Big thumbs up to you & Brody!!!

I love training classes there is so much we can do with our GSD, I love the _partnership_ that comes from the bond of working together


----------



## llombardo (Dec 11, 2011)

How old is Brody?


----------



## jennyp (Jun 18, 2011)

llombardo said:


> How old is Brody?


He's 15 months.


----------



## Courtney (Feb 12, 2010)

That's around the age we started our first agility class. I wanted to make sure we were being careful & not putting too much stress on his joints. I think 12 months + is good.


----------



## llombardo (Dec 11, 2011)

Mine is 6.5 months and she does the small stuff like the tire, a jump that is about 4 inches and a tunnel. They don't allow dogs to start a real agility class until they are about a year. I can't wait, the trainer now calls my dog a bullet She sees the agility stuff go up and she waits at the line barking and lunging to go..we don't even have to run it with her, she just goes. I'm more worried about me having to run the whole course


----------



## JakodaCD OA (May 14, 2000)

GOOD JOB! you've know been officially bitten by the agility bug) Have fun and go for it)


----------



## MaggieRoseLee (Aug 17, 2001)

Keep having fun and try to get PICTURES and videos! So fun to watch, share and see how fast our pups improve!


----------



## DanielleOttoMom (May 11, 2010)

That's awesome!! Bonding time is great for you both. I'm glad ya'll are having a blast.

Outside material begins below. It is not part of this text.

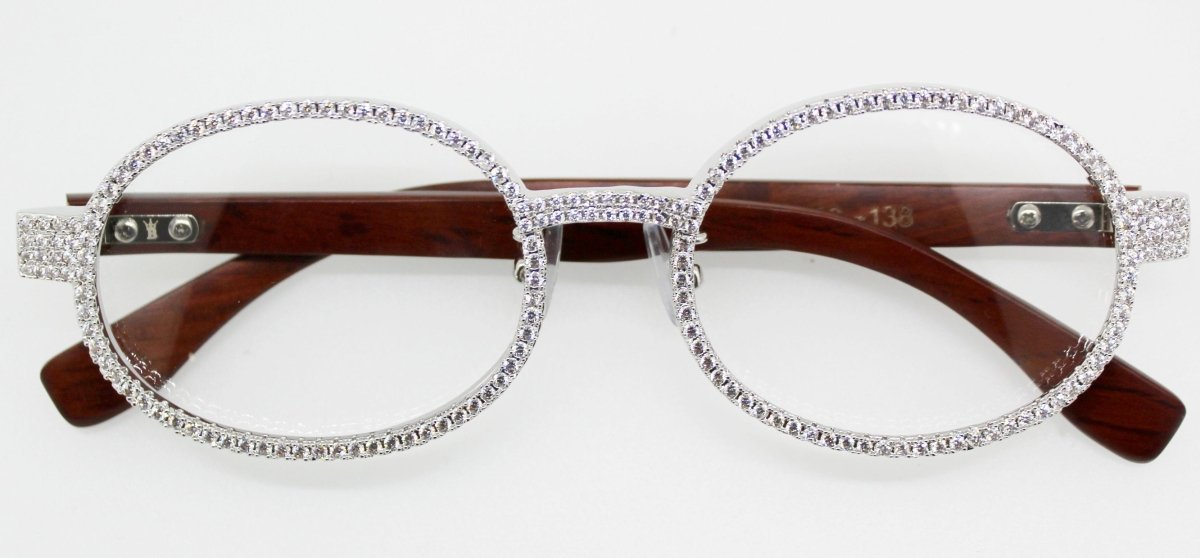 Custom Glasses Frames totally iced out. You got the grillz, you got the chain, the watch, now ice up your eyes with this custom made glasses frame. White or Yellow Gold bonded with wooden temples.

Love to see some pictures.


----------



## wildo (Jul 27, 2006)

jennyp said:


> It's such an amazing feeling to be truly connecting and communicating with your dog. ... Our bond is getting much stronger from just having fun and I couldnt be happier!


In my opinion, there are few sports that allow you to accomplish this like agility does. I think it is accomplished because BOTH of you are required to do a job _together_ which is different than a lot of sports. This is without question the main reason that I love agility so much. Nothing like being on a split-second, same page, communication base with your dog and the bond established from such. Keep it up!


----------